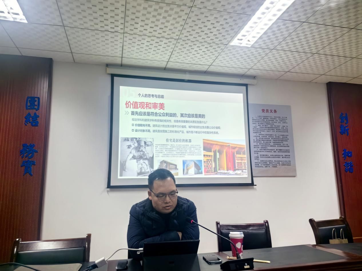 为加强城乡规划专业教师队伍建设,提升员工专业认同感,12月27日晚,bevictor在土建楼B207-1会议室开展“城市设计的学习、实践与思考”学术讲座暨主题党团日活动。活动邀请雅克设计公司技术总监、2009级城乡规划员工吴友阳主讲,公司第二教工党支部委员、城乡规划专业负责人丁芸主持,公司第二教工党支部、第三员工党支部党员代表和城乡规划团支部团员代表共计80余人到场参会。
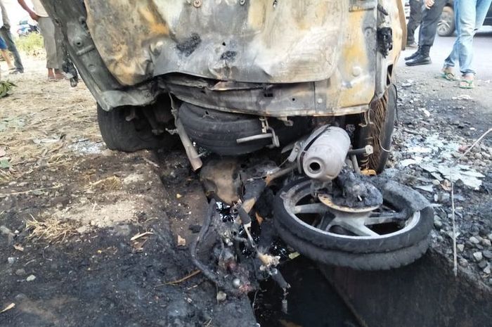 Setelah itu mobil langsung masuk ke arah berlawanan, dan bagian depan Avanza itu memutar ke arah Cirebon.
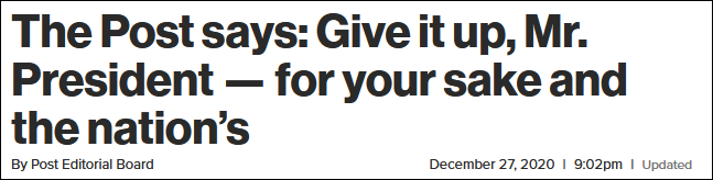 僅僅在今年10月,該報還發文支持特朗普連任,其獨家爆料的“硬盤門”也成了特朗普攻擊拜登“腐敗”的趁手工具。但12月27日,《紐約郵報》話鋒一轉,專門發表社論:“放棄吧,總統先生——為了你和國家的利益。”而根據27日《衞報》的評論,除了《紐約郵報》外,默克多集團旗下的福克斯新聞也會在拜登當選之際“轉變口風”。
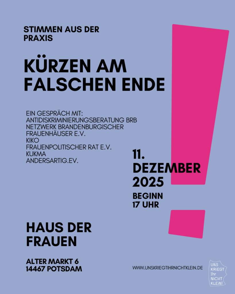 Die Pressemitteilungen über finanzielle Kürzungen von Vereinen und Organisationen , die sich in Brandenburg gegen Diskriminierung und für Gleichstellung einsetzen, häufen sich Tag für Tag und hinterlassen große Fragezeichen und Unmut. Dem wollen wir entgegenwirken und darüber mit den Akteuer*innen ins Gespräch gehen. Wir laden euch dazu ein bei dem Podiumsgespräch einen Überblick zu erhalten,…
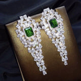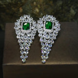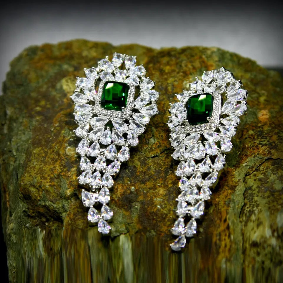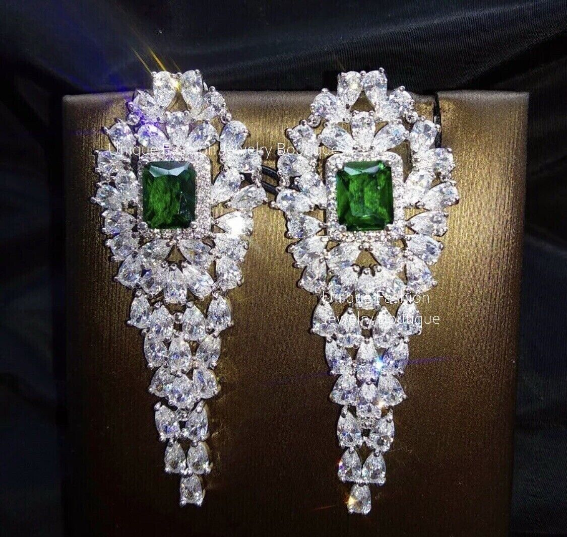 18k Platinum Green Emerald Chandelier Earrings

...

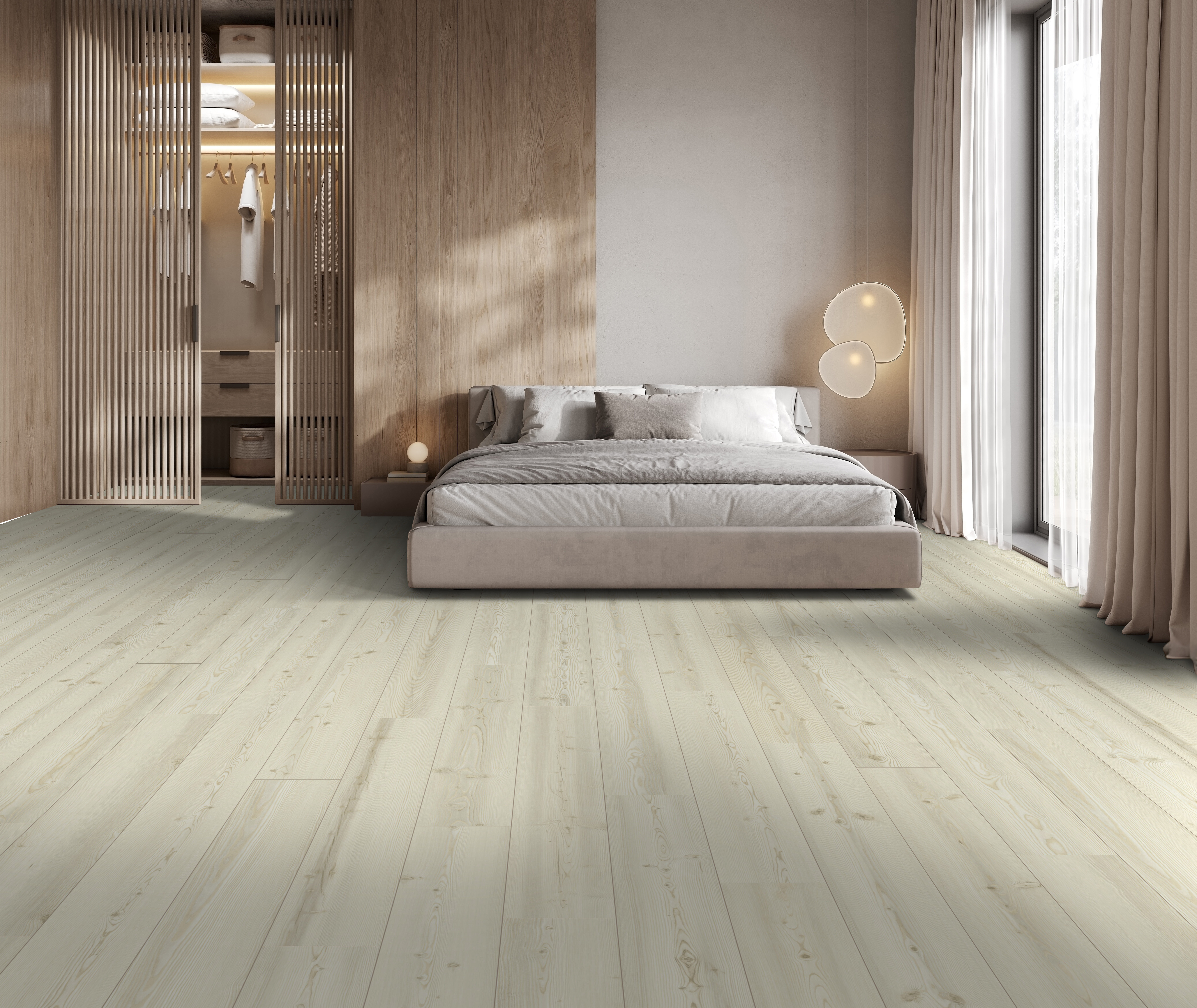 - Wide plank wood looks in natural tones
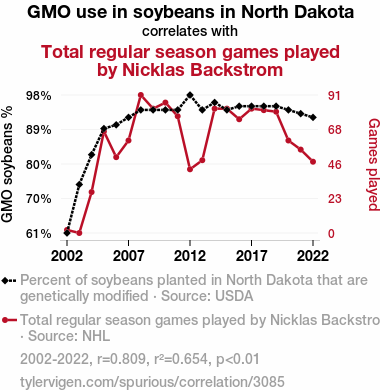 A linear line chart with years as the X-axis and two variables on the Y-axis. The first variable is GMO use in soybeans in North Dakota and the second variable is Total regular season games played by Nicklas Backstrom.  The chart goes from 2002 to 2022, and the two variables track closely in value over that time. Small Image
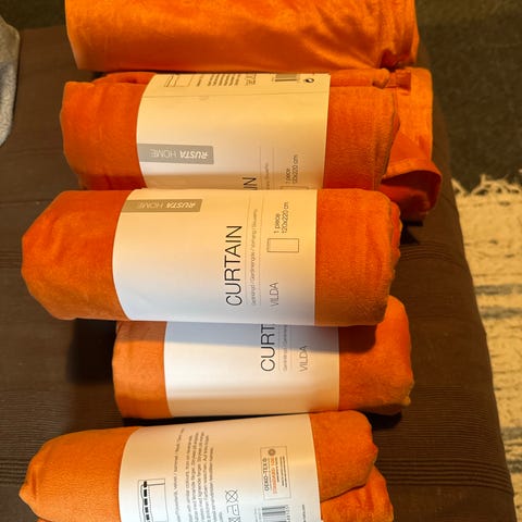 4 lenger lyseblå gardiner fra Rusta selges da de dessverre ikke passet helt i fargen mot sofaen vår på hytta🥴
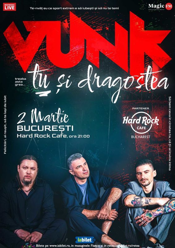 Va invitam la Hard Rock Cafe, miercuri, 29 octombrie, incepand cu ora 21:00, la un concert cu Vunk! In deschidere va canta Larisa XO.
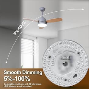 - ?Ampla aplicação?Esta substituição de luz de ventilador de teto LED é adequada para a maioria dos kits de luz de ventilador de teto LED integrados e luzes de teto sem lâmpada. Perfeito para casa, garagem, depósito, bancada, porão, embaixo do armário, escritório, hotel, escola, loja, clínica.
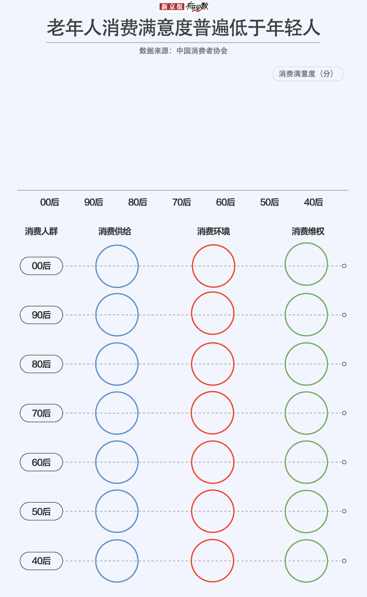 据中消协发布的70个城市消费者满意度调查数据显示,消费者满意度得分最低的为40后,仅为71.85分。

# TASK DIRECTIONS
Print from the line containing "- ?Ampla aplicação?Esta" through the line containing "据中消协发布的70个城市消费" in the data above, exactly as the lines stand, and omit every picture.

# RESULT
 - ?Ampla aplicação?Esta substituição de luz de ventilador de teto LED é adequada para a maioria dos kits de luz de ventilador de teto LED integrados e luzes de teto sem lâmpada. Perfeito para casa, garagem, depósito, bancada, porão, embaixo do armário, escritório, hotel, escola, loja, clínica.
 据中消协发布的70个城市消费者满意度调查数据显示,消费者满意度得分最低的为40后,仅为71.85分。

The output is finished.